Safety Law News for October 17, 2025

— In Ohio, the Ohio Court of Appeals affirmed the adjudication of a student for possessing “a deadly weapon in a school zone,” discovered by a non-sworn SRO “while performing a hand-held wand scan and pat down of his person as part of the school’s standard entry procedure.”  The student argued that the evidence should suppressed as an unlawful search constrained by the Fourth Amendment of the U.S. Constitution.  The high school “had a written policy for daily weapons searches in order to protect students and staff.”  Ordinarily, “students walked through a security checkpoint that included a bag check and metal detection screening.”  One the day of the arrest, “the school’s metal detector was inoperable.”  The so-called SRO, a non-sworn staff member, instead set out to “simultaneously pat down each student while performing the hand-held wand scan.”  The SRO “discovered a firearm in (the student’s) waistband while performing a hand-held wand scan and pat down of his person…(the weapon was) in (the student’s) waistband from the pat-down search.”  Both the lower court and the appellate court upheld the search, refusing to suppress the evidence.  Applying the rule of law in the seminal case of New Jersey v. T.L.O., the appellate court admitted that “there was no individualized suspicion that led (the) SRO … to search (the student’s) person.  Even so, however, the court held that “this search falls within the general category of “administrative searches,” as it was conducted as part of a general regulatory scheme in furtherance of an administrative purpose, rather than as part of an investigation to secure evidence of a crime or violation of a school rule.”  The standard for evaluating this type of school search policy comes from the U.S. Supreme Court cases of Vernonia School Dist. 47J v. Acton, and Board of Education v. Earls.  These cases validate the search because the policy “supports the compelling governmental interest in public school safety by helping to ensure the contents of students’ bags and what they carry on their persons are not dangerous and that students, teachers, and faculty are safe from physical harm.”  In the Matter of K.P.

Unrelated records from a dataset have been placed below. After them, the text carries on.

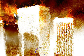 Nato pa z miško klikajte na druge dele fotografije, da ogenj kopirate (glej sliko). Kliknite tukaj, da si ogledate lekcijo, kjer boste spoznali orodje Clone Stamp Tool. |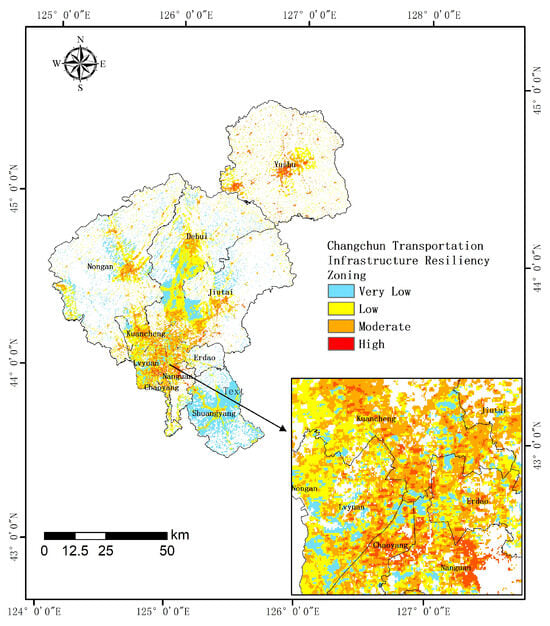 4.1. Transportation Infrastructure Resilience Zoning in Changchun City and Its Analysis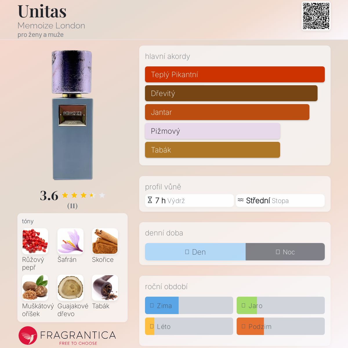 Unitas podle Memoize London je vůně pro ženy a muže. Unitas byl/a uveden/a v roce 2022. Vrchní tóny jsou Růžový pepř, Šafrán, Skořice a Muškátový oříšek; střední tóny jsouRůže, Egyptský jasmín a Davana ; základní tóny jsou Guajakové dřevo, Tabák, Vanilka, Kadidlo, Jantar (ambra), Pižmo, Cypriolový olej, Vetiver a Pačuli.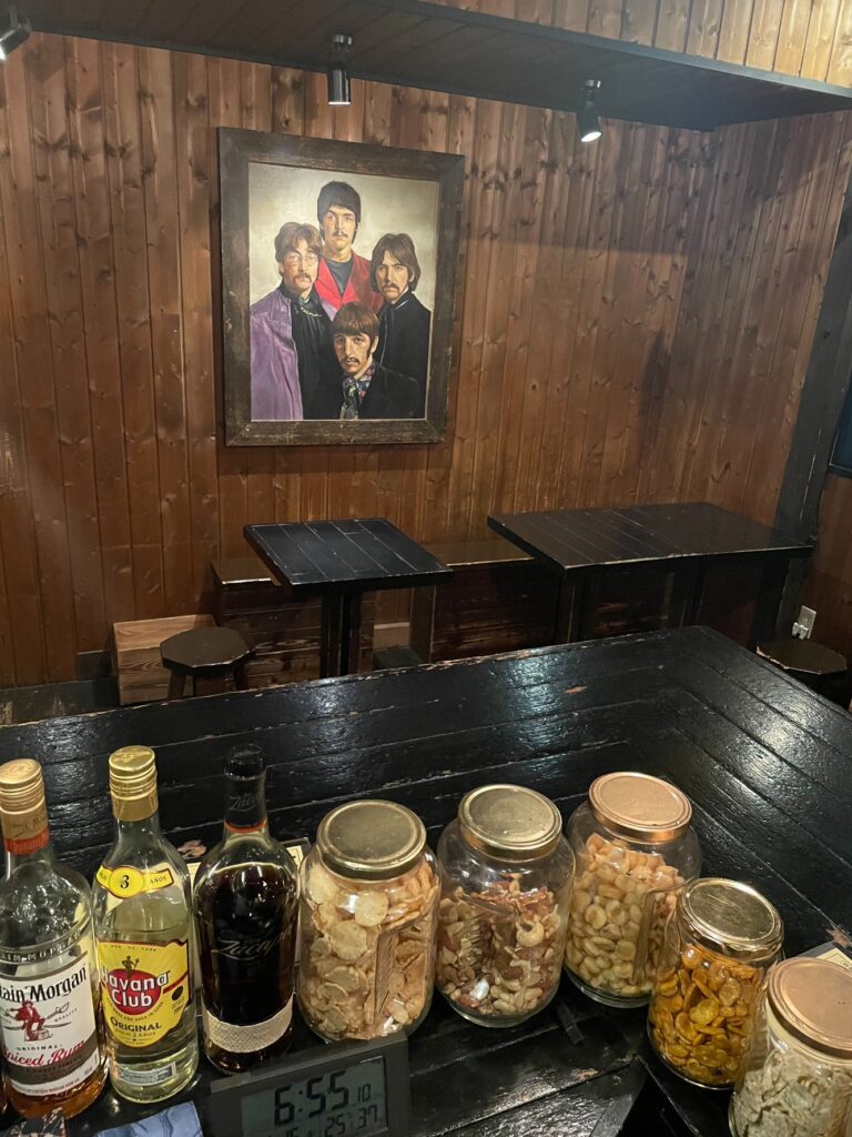 1970年代の洋楽ロックやポップスが流れる店内。
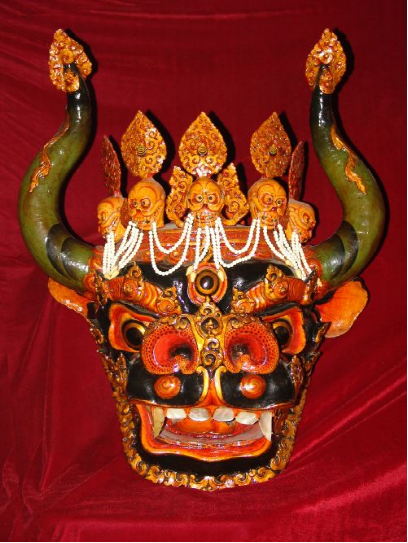 據(jù)普布次仁介紹,早在吐蕃王朝時期,西藏就有宗教舞蹈羌姆和名為“吉達吉姆”的歌舞劇。“吉達吉姆”在演出時演員要戴上白色面具,其表演的內(nèi)容是請求天神降雨或不要讓本地出現(xiàn)冰雹、刮大風(fēng)等自然災(zāi)害。這種歌舞劇在今天的日喀則地區(qū)仍然存在,人們常將之稱為“抗災(zāi)歌舞”。而在宗教舞蹈羌姆中,面具多數(shù)是根據(jù)佛經(jīng)及寺院殿堂中的塑像制作的,制作手法要求較高,以立體造型為主。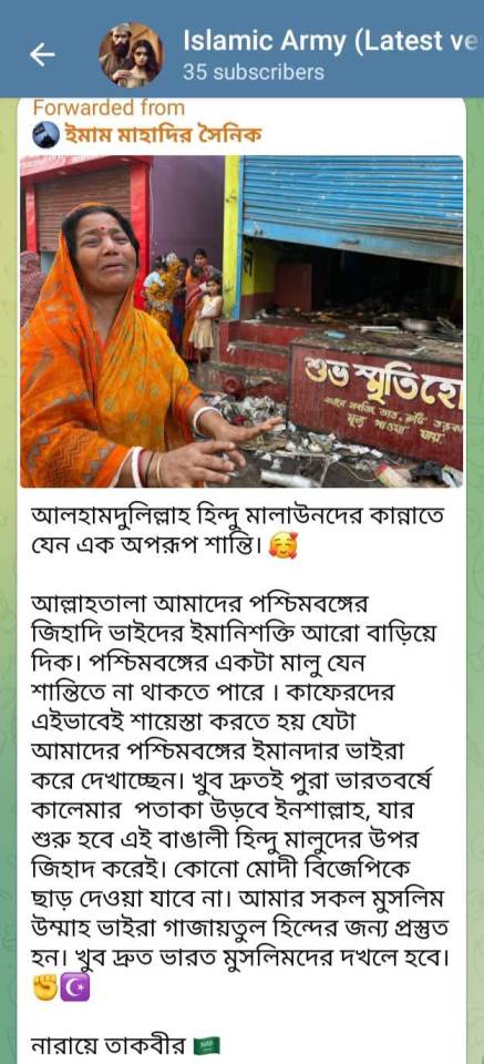 আল্লাহতালা আমাদের পশ্চিমবঙ্গের জিহাদি ভাইদের ইমানিশক্তি আরো বাড়িয়ে দিক। পশ্চিমবঙ্গের একটা মালু যেন শান্তিতে না থাকতে পারে। কাফেরদের এইভাবেই শায়েস্তা করতে হয় যেটা আমাদের পশ্চিমবঙ্গের ইমানদার ভাইরা করে দেখাচ্ছেন। খুব দ্রুতই পুরা ভারতবর্ষে কালেমার পতাকা উড়বে ইনশাল্লাহ, যার শুরু হবে এই বাঙালী হিন্দু মালুদের উপর জিহাদ করেই। কোনো মোদী বিজেপিকে ছাড় দেওয়া যাবে না। আমার সকল মুসলিম উম্মাহ ভাইরা গাজায়তুল হিন্দের জন্য প্রস্তুত হন। খুব দ্রুত ভারত মুসলিমদের দখলে হবে। নারায়ে তাকবীর ।’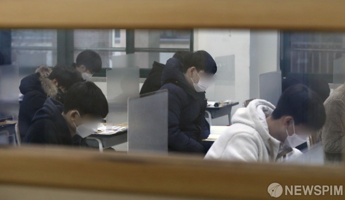 [서울=뉴스핌] 사진공동취재단 = 2021학년도 대학수학능력시험이 치러진 3일 오전 서울 종로구 경복고등학교 고사장에서 수험생들이 시험을 앞두고 자습하고 있다. 코로나19 여파로 2주 늦춰진 이번 수능은 역대 최소인 49만3433명이 응시한 가운데 전국 86개 시험지구 1383개 시험장에서 일제히 치러진다. 2020.12.3 photo@newspim.com

— In Florida, the Hillsborough County School District is moving to shut down the Walton Academy Charter School for “ongoing and unresolved security failures.”  Numerous safety related failures have been documented by the school board and the Florida Department of Education including “failures in the emergency alert system, staff training, safety drills and the lack of designated “safe areas” for shelter during emergencies.”

— A new empirical study on behavioral threat assessments and school safety concludes that BTA “can support students and reduce exclusionary discipline practices, including disparities.”  The threat assessment teams must be properly trained and must commit to using the evidence-based science to assess concerning behaviors.

— In Arizona, audits by the Arizona Department of Education suggest that Arizona schools are failing state mandated safety plan standards.  “A new state audit shows many campuses remain dangerously unprepared for active shooter events, natural disasters and other emergencies.”